The final SKILL.md files land in <your-repo>/.github/skills/<domain-id>/SKILL.md. Intermediate prompts and responses live under <your-repo>/.skill-gen/.

Why the emit/ingest dance?

The whole point of the agent is to stop spending premium-request budget. Calling Anthropic from a Python script would mean adding another cost line that competes with your subscription. By emitting prompt files and ingesting responses, the LLM turns happen inside your existing Claude Code / Copilot / Codex session — no separate API spend, no separate key to manage.

Phase 2 — incremental updates

After the first run commits the skills to your repo, refresh them when code changes:

python3 -m tools.skill_generator.cli update-emit --repo .
# Paste each .skill-gen/.update-prompts/<feature>.md into your AI session.
# Save each response as .skill-gen/.update-responses/<feature>.md.
python3 -m tools.skill_generator.cli update-ingest --repo . --commit

The same emit/ingest pattern; the same zero-API-call guarantee.


What a generated SKILL.md looks like

Here's a fragment from the Data Flow section of consumer-management/SKILL.md, generated from the FTGO microservices reference application:

POST /consumers
   |
   v
ConsumerController.create(CreateConsumerRequest)
   |   request.getName() -> PersonName
   v
ConsumerService.create(name)                        @Transactional
   |
   |-- Consumer.create(name)                         <- builds aggregate + ConsumerCreated event list
   |
   |-- consumerRepository.save(rwe.result)           -> Consumer DB (JPA, MySQL)
   |
   |__ domainEventPublisher.publish(Consumer.class, id, rwe.events)
              -> Eventuate Tram outbox -> Kafka topic net.chrisrichardson...Consumer
              + emit ConsumerCreated domain event

@KafkaListener (Tram saga dispatch on channel "consumerService")
   |
   v
ConsumerServiceCommandHandlers.commandHandlers()
   |-- onMessage(ValidateOrderByConsumer.class)
           |__ ConsumerService.validateOrderForConsumer(consumerId, orderTotal)
                   |__ Consumer.validateOrderByConsumer(orderTotal)
                           <- spend rule on the aggregate; throws ConsumerVerificationFailedException

The skill captures the async semantics (@Async, .get() <- blocks), DB destinations (-> Consumer DB), Kafka topic names, exception flow, and side effects (+ emit ConsumerCreated). When Copilot reads this, it knows enough to safely modify validateOrderForConsumer() without breaking the saga reply contract.

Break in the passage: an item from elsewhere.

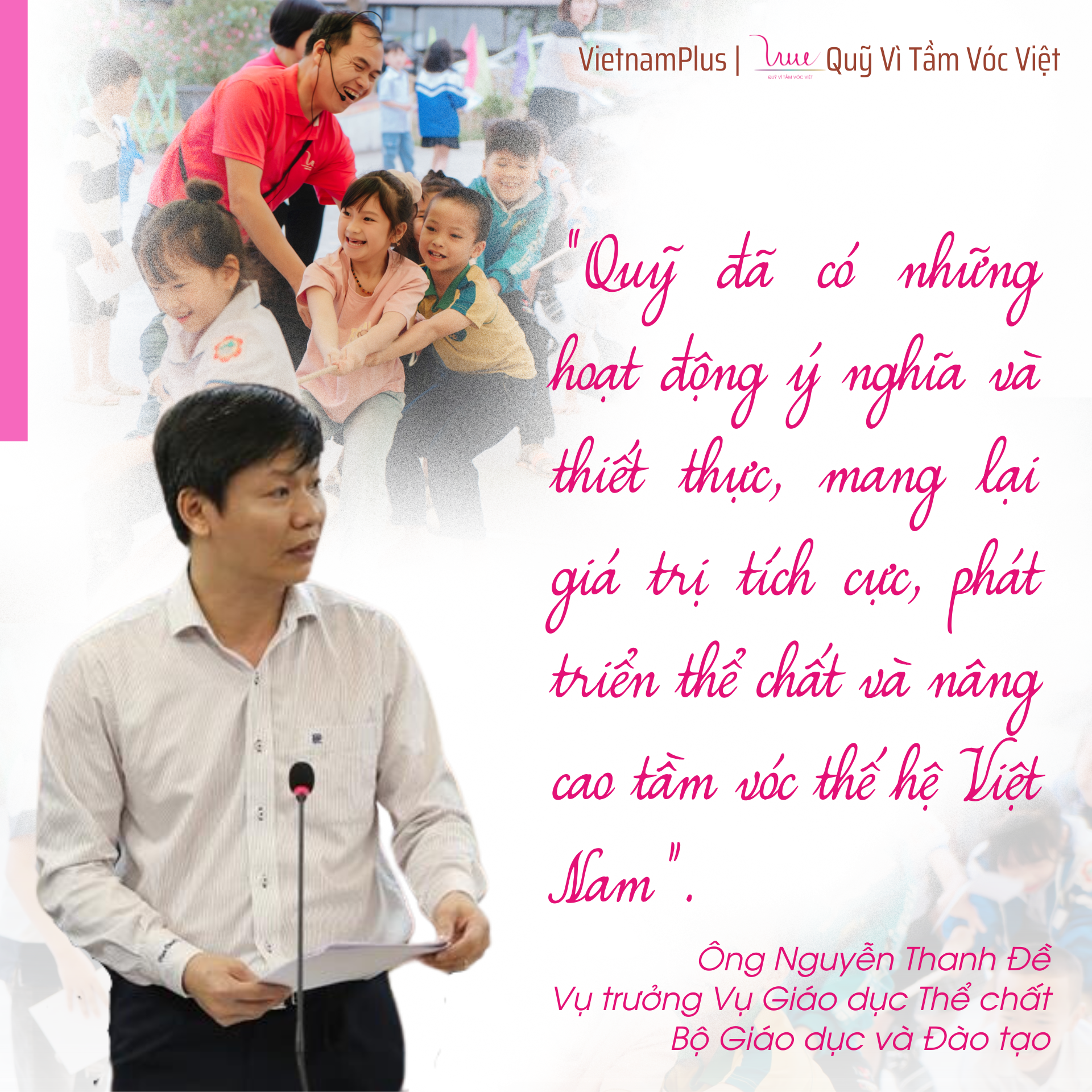 “Quỹ đã có những hoạt động ý nghĩa và thiết thực, mang lại giá trị tích cực, phát triển thể chất và nâng cao tầm vóc thế hệ Việt Nam”, ông Đề chia sẻ.

See verification-output/ftgo-skills/ in this repo for two complete SKILL.mds generated from the real FTGO codebase — one for consumer-management (19 classes) and one for accounting-authorization (27 classes), with cross-domain saga relationships linked between them.


Verified on a real microservices repo

This agent was end-to-end verified against microservices-patterns/ftgo-application — Chris Richardson's reference Spring Boot microservices app.

Metric Value
Classes parsed 358
Lines of code analyzed 15,714
Microservice modules 12
Domains identified by Stage 2 9 (one per microservice, mapped 1:1)
Confidence (most domains) HIGH
Host-agent turns total ~11 (1 plan + 9 generate + 1 link)
Schema conformance 12/12 frontmatter fields, 12/12 body sections, 0 Java code blocks in body
Warnings 0

Full details in verification-output/VERIFICATION_REPORT.md. The verification used an earlier API-call architecture; the prompts and outputs are unchanged — only the delivery mechanism (host agent vs. API) is different.


Supported Java flavors

The agent works on any flavor of Java repo, not just modern Spring Boot. It auto-detects which it is and writes skills that describe whatever the target repo actually uses:

Flavor Detected by
Spring Boot 2.x / 3.x @SpringBootApplication + annotation-driven REST
Spring MVC XML wiring or annotation, no @SpringBootApplication
Struts 1 / 2 struts-config.xml action mappings
Quarkus @Path annotations without @RestController
Spring Batch @EnableBatchProcessing or <job> elements
Quartz Scheduler quartz*.xml with cron expressions
Raw servlets web.xml URL patterns
Legacy hybrid .sql stored procedures + .sh orchestration + Java
Mixed-stack Multiple of the above in one repo

For legacy apps, the crawler also reads stored procedures (.sql), shell scripts (.sh), Flyway/Liquibase migrations, and Spring Batch job XML — so a feature that lives half in Java and half in a stored proc is documented as one cohesive skill.


Cost model

The pipeline is free to operate — every LLM turn runs inside a session you already pay for.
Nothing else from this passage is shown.